Since the higher the porosity and size of the adsorbent, the higher the adsorption efficiency was. Finally, precision was used in the synthesis of this microzone, and factors such as temperature and contact time of the adsorbent with heavy metal and pH also affected the adsorption. All of these factors were optimized, and each of these can change the adsorption efficiency during the adsorption process.
Regarding our experiments, functionalized mesoporous silica adsorbent materials were prepared under several experimental conditions by using functionalized nanoporous silica as a template and fumed silica as the silica source utilizing a one-pot hydrothermal method for the removal of Pb(II) ions from aqueous solution. Fourier transform infrared spectrometer (FT-IR), scanning electron microscopy (SEM), transmission electron microscopy (TEM), Brunauer-Emmett-Teller (BET), and low angle X-ray analysis (XRD) were used to the characterization of the prepared mesoporous adsorbent. Batch adsorption experiments were applied to define the adsorption behavior of Pb(II) ions upon the prepared mesoporous silica materials.
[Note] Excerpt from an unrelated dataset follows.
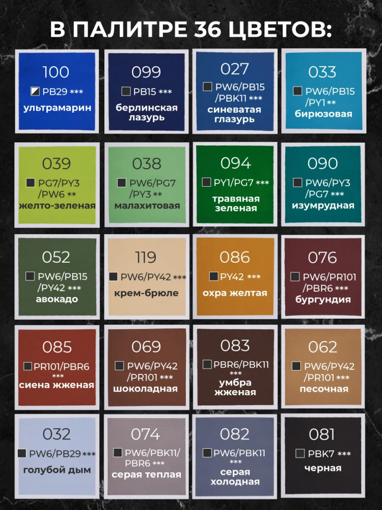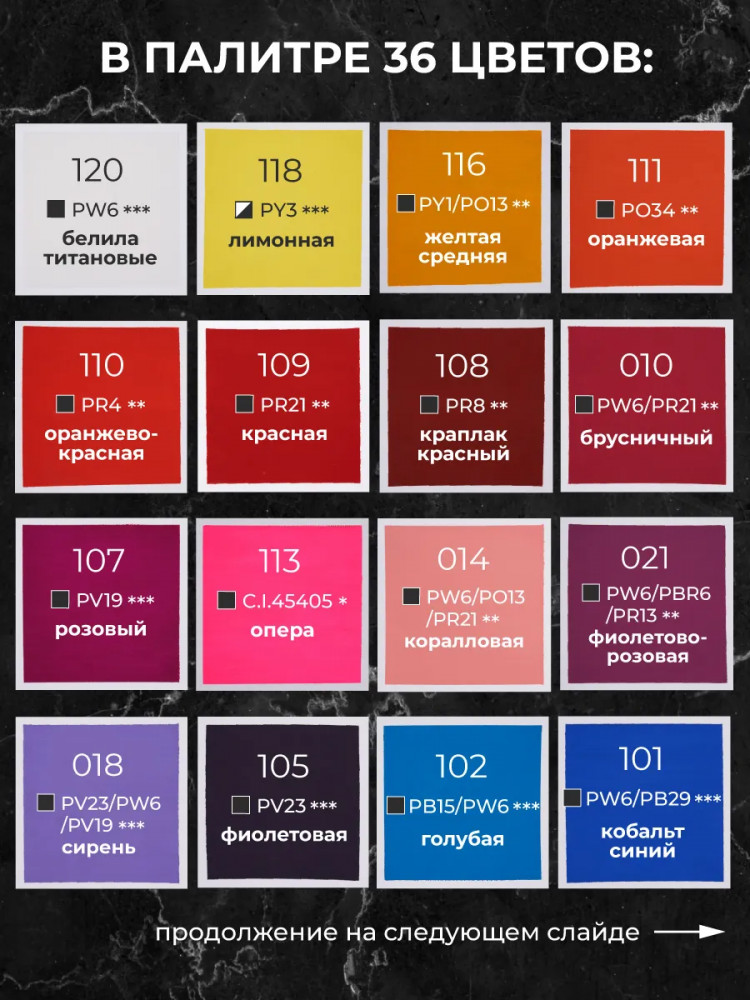 💳 Оплатить за товар можно при получении 🇰🇿 Есть бесплатная доставка по Казахстану от 1 дня 🎁 Копите бонусы с каждой покупки Гуашь художественная «Малевичъ» — водорастворимая, комфортная для работы краска с приятной кремовой консистенцией и повышенной концентрацией пигмента. Высокая кроющая способность позволяет наносить четкие мелкие непрозрачные детали светлых тонов на фон темного оттенка. Рисунки гуашью после высыхания приобретают бархатисто-матовую поверхность. Краска быстро сохнет, надолго сохраняет яркий и насыщенный цвет. Набор подходит как для начинающих, так и для профессиональных иллюстраторов. Гуашь изготовлена на основе растительного клея-гуммиарабика и пигментов высокого класса. |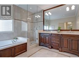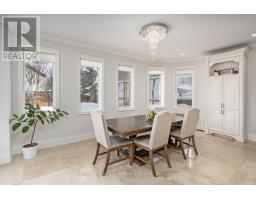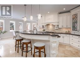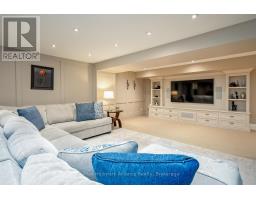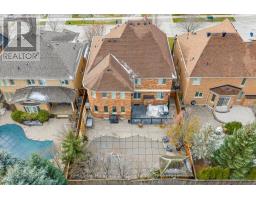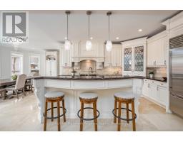 Welcome to 2381 Gamble, a move-in-ready executive home located in the heart of prestigious Joshua Creek, within walking distance to Joshua Creek Public School, trails, parks, and playgrounds, and close to everyday amenities. Offering approximately 3,738 sq ft plus a finished basement, this impressive 4 bedroom, 4.5 bathroom residence features extensive high-quality renovations throughout. A covered front porch leads to a grand foyer with heated porcelain flooring, opening to an elegant main level with Italian porcelain floors, crown moulding, pot lights, and crystal light fixtures. The formal living room and private den/office both feature heated floors with separate temperature controls. The spacious dining room flows into the inviting family room with gas fireplace and included frameless TV. The gourmet kitchen is a standout, featuring travertine flooring, a large centre island with breakfast bar, granite countertops, stone backsplash, high-end stainless steel appliances, and custom cabinetry with soft-close hinges, glass display cabinets, and undermount lighting. A bright breakfast area with five large windows offers a walkout to the patio. The expansive primary suite includes his and hers walk-in closets, a luxurious 5-piece ensuite with marble floors, jacuzzi tub, double vanity, glass shower, and a separate sitting area. The second bedroom features a private 4-piece ensuite, while the third and fourth bedrooms share a 5-piece semi-ensuite. The finished basement offers a 3-piece bath with heated marble floors, custom walnut vanity, entertainment and recreation areas with gas fireplace, built-in cabinetry, speaker system, custom wet bar with wine fridge, and bonus servery. The backyard retreat features an inground saltwater pool, extended patio, professional landscaping with irrigation and lighting, custom cedar shed/pool house, and retractable awning. A rare opportunity in one of Oakville's most sought-after neighbourhoods. (id:61594)

It was estimated that with an initial concentration of 50 mg L-1, 95% of Pb(II) ions were removed at an equilibrium time of 30 min, solution pH 6, the adsorbent dosage of 50 mg, and an initial concentration of 50 mg L-1 as the optimized condition. The proposed adsorbent was used for the removal of Pb (II) ions from real samples with reliable removal efficiency.
Functionalized mesoporous silica adsorbent materials were directly prepared. The characterization results were proved the structure of the mesoporous silica. Adsorption behavior of SH-SiO2 exhibited its high affinity to Pb(II) ions with any interference. The maximum removal efficiency was achieved at 95% under contact time of 30 min, solution pH 6, the adsorbent dosage of 50 mg, and an initial concentration of 50 mg L-1 as the optimized condition. The proposed adsorbent was used for the removal of Pb(II) ions from real samples with reliable removal efficiency.
The authors wish to thank the University of Tehran for financial support.
CONFLICT OF INTEREST
The authors declare that they have no conflict of interest.